As winter’s chill settles in across the U.S., and electricity bills become a bigger budgeting issue, most Americans will rely on their usual sources of warmth, such as home heating oil, natural gas, and electric furnaces. But in a few cases, crypto is generating the heat, and if some of the nascent crypto heat industry’s proponents are correct, someday its use as a source within homes and buildings will be much more widespread.

Let’s start with the basics: the computing power of crypto mining generates a lot of heat, most which just ends up vented into the air. According to digital assets brokerage, K33, the bitcoin mining industry generates about 100 TWh of heat annually — enough to heat all of Finland. This energy waste within a very energy-intense industry is leading entrepreneurs to look for ways to repurpose the heat for homes, offices, or other locations, especially in colder weather months.

During a frigid snap earlier this year, The New York Times reviewed HeatTrio, a $900 space heater that also doubles as a bitcoin mining rig. Others use the heat from their own in-home cryptocurrency mining to spread warmth throughout their house.

“I’ve seen bitcoin rigs running quietly in attics, with the heat they generate rerouted through the home’s ventilation system to offset heating costs. It’s a clever use of what would otherwise be wasted energy,” said Jill Ford, CEO of Bitford Digital, a sustainable bitcoin mining company based in Dallas. “Using the heat is another example of how crypto miners can be energy allies if you apply some creativity to their potential,” Ford said.

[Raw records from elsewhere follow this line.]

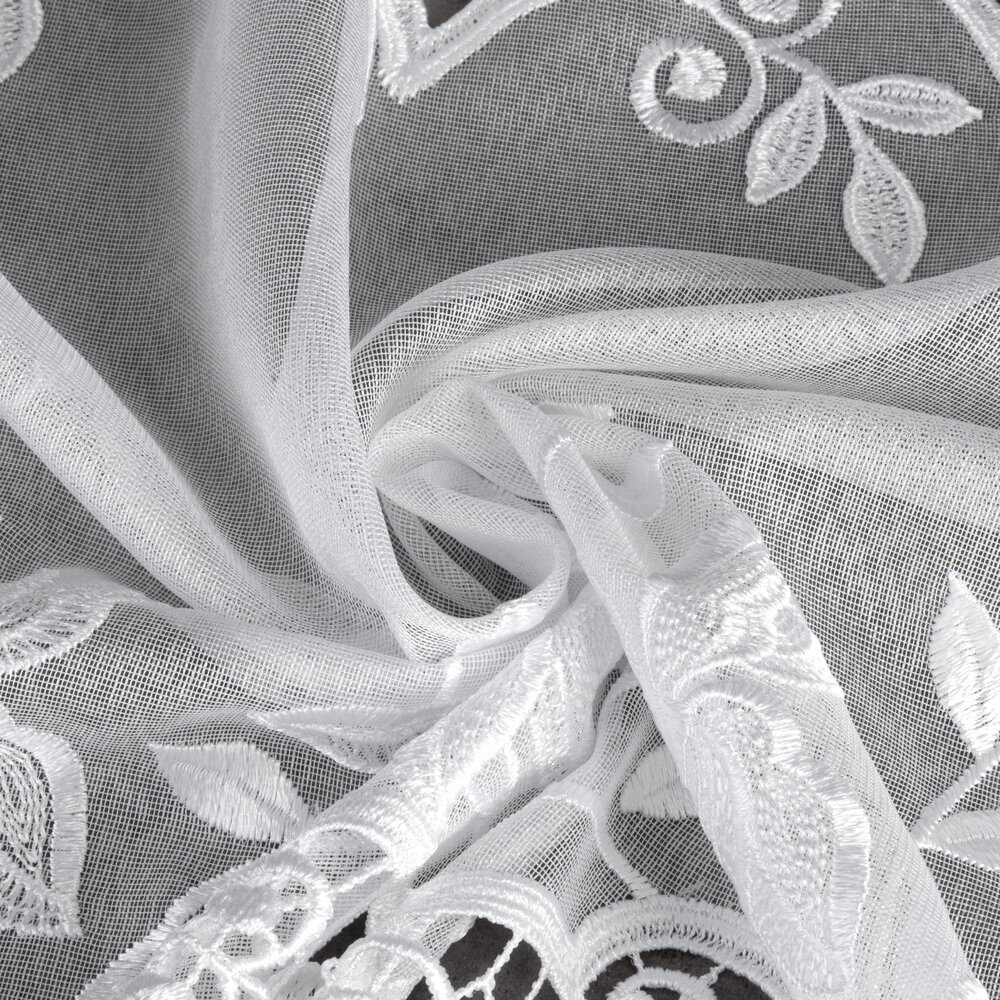 KOKARDKI w wersji 2,95 m to elegancka, długa firana z markizety, idealna na drzwi balkonowe i wysokie okna w salonie. Subtelna gipiura z motywem kokardek nadaje wnętrzu romantyczny, delikatny i pełen klasy charakter.
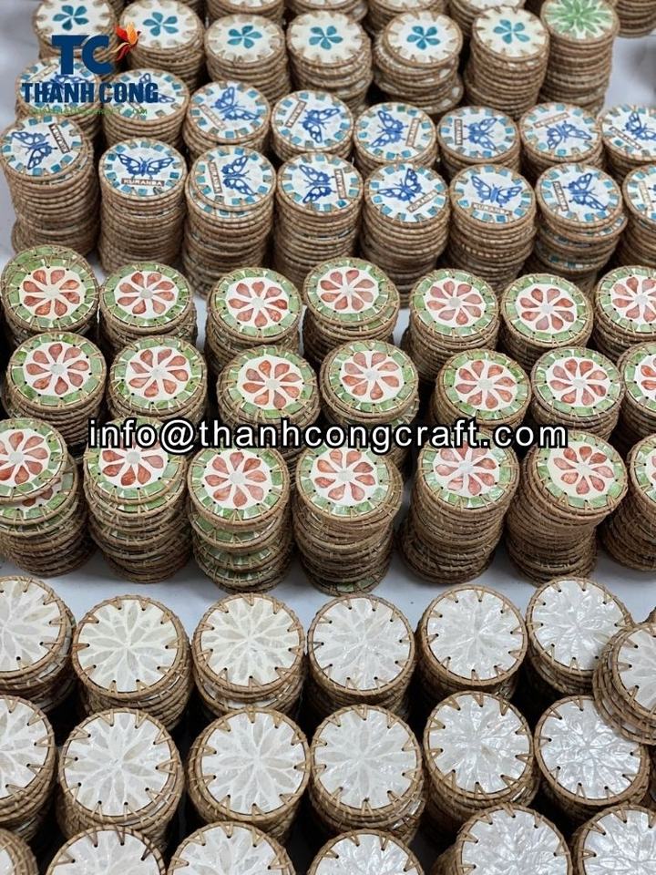 ที่รองแก้วเวียดนามทำด้วยมือพร้อมเปลือกและหวายสำหรับเครือค้าปลีกระดับพรีเมียมโรงแรมห้าดาวและผู้จัดจำหน่ายส่งออก
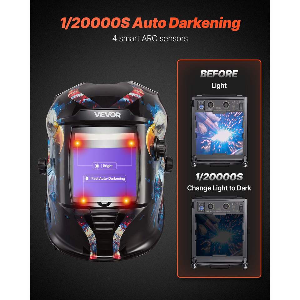 Casco per saldatura auto-oscurante 10x8 cm True Color a energia solare con 4 sensori di arco, ampia scala di oscuramento 1/1/1/1
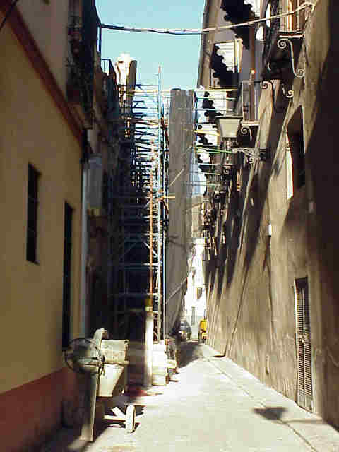 Esos andamios lleva tanto tiempo alli, sujetando una fachada hueca, rellena de jaramagos ; que el año proximo se los llevaran a MUNARCO; para presidir la cúpula y como muestra y representacion de los diversos andamios , que han criado raices, en el recorrido de varias de nuestras hermandades por el Casco Historico , mal llamado Centro Si Rodriguez Buzon viviera en la Sevilla contemporanea habria tenido que escribir algo parecido a esto Una sombra el rostro le nubla
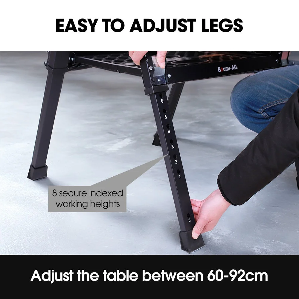 Enjoy 8 adjustable working heights from 60cm to 92cm. Each leg adjusts independently, making it ideal for uneven surfaces. Anti-slip feet ensure stability while protecting your flooring.
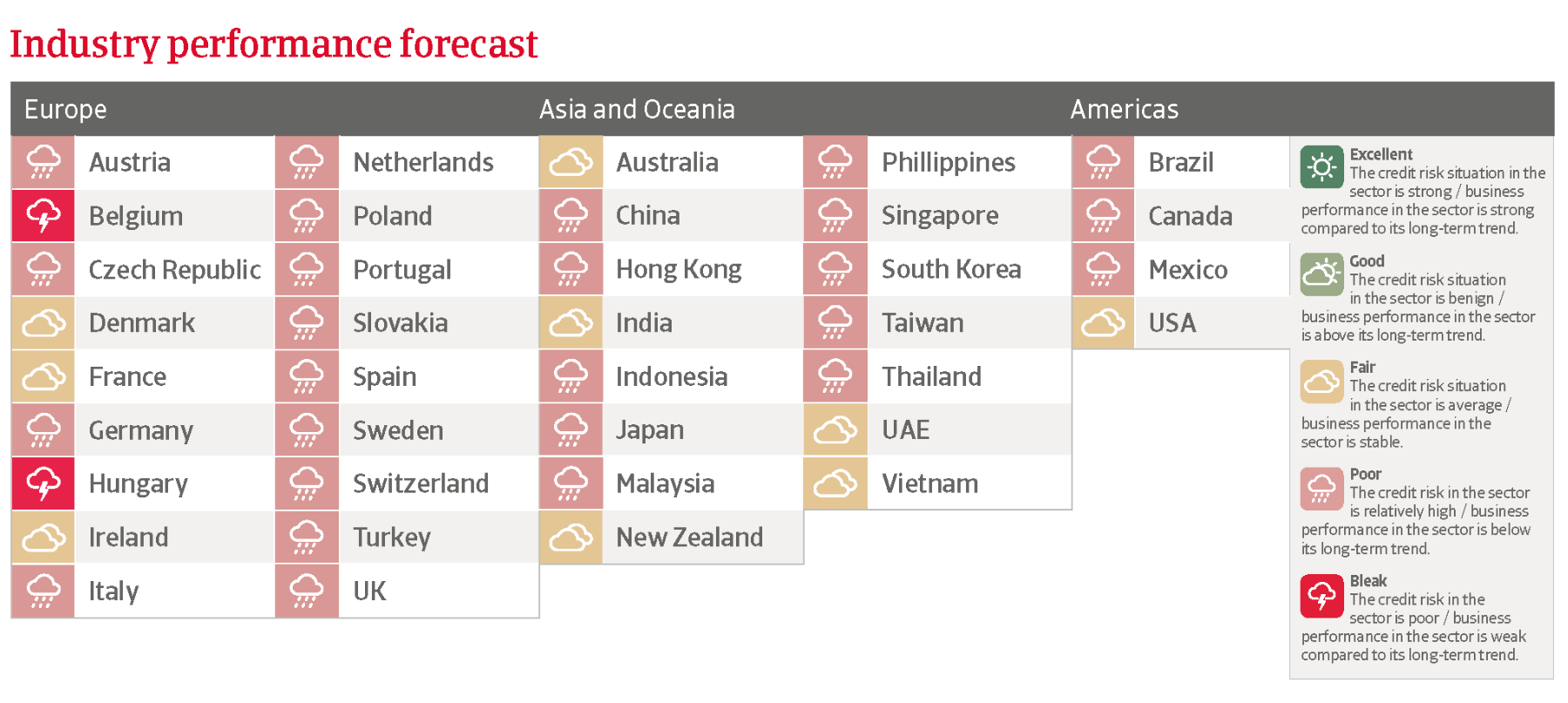 - En Allemagne, la situation du risque de crédit dans l’industrie métallurgique et sidérurgique reste dégradée. Une demande faible, des coûts énergétiques élevés et la pression sur les prix de vente continuent d’éroder les marges.

It’s not necessarily going to save someone money on their electric bill — the economics will vary greatly from place to place and person to person, based on factors including local electricity rates and how fast a mining machine is — but the approach might make money to offset heating costs.

“Same price as heating the house, but the perk is that you are mining bitcoin,” Ford said.

A single mining machine — even an older model — is sufficient. Solo miners can join mining pools to share computing power and receive proportional payouts, making returns more predictable and changing the economic equation.  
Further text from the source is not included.